Even in the local government elections held in December 2015, the religious parties contested separately, and the JI, one of the MMA’s key components, preferred to form an alliance with the Pakistan Tehreek-e-Insaf. However, the religious parties could not perform remarkably.

JI leaders are of view that the alliance would perform well in the July 25 polls in Karachi. “Traditionally, Karachi’s residents supported religious parties, but an ethnic party [a possible reference to the MQM] used violence and rigging to steal the city’s mandate. In all the episodes, some hidden powers, including international forces, played a role in imposing the group on the metropolis for their vested interests,” Bhutto, a JI’s central leader, told The News.

However, analysts believe that the JI started losing its support base, mainly among the Muhajir community, after the emergence of the MQM in the 1980s.

In the 1970, the JI won two seats on its own, and later in 1977 it secured three seats under the banner of the nine-party Pakistan National Alliance. During Ziaul Haq’s infamous non-party elections in 1985, the party won three seats of the National Assembly.

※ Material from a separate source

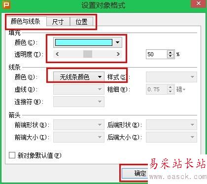 3、在“設置對象格式”控制面板中,設置好你喜歡的填充色,透明度,線條色(一般情況下線條色選擇無線條色,看起來更自然),尺寸,位置等,設置好后,點擊右下角的確定按鈕。

However, after the emergence of the MQM, the JI lost its support base and could not perform significantly in 1988 and 1990 when it was part of the nine-party Islami Jamhoori Ittehad. In 1993, the JI from the platform of the Paksitan Islamic Front managed to win a single seat in Karachi mainly because the MQM boycotted the National Assembly elections. In 1997, the group again boycotted the polls.

Regaining lost turf?

Analysts believe the JI is not in a position to regain its lost turf in the city. Tausif Ahmed Khan, a Karachi-based political analyst, said that first the emergence of the MQM in the 1980s and now the popularity of the PTI had in fact damaged the support base of the JI in the city.

“Doubtlessly, the JI has more organised and resourceful religious parties and conduct maximum activities in the city,” Khan told The News. “But it is becoming weaker gradually not only on the electoral front but also now on organisational level.”

He cited the emergence of the MQM and the PTI as the key reason for the JI’s downfall, and said that because of distancing itself from Jihadi activities, the JI had lost attraction among most of the aggressive youths.

Khan believed that the JI under the banner of the MMA might win one or two seats in Karachi. Insiders in the JI say the party has estimated the chances of winning in the city’s Pashun areas and it is this reason why the party has chosen NA-250, comprising SITE Town, for its Karachi chief Rehman, who has been contesting elections against Awami National Party Sindh chief Shahi Syed.

“Because of the party district president Abdul Razzaq’s personal clout and successes in the local government polls, it is likely to achieve some success in District West.” The party is also optimistic about winning the NA-242 and NA-247 seats.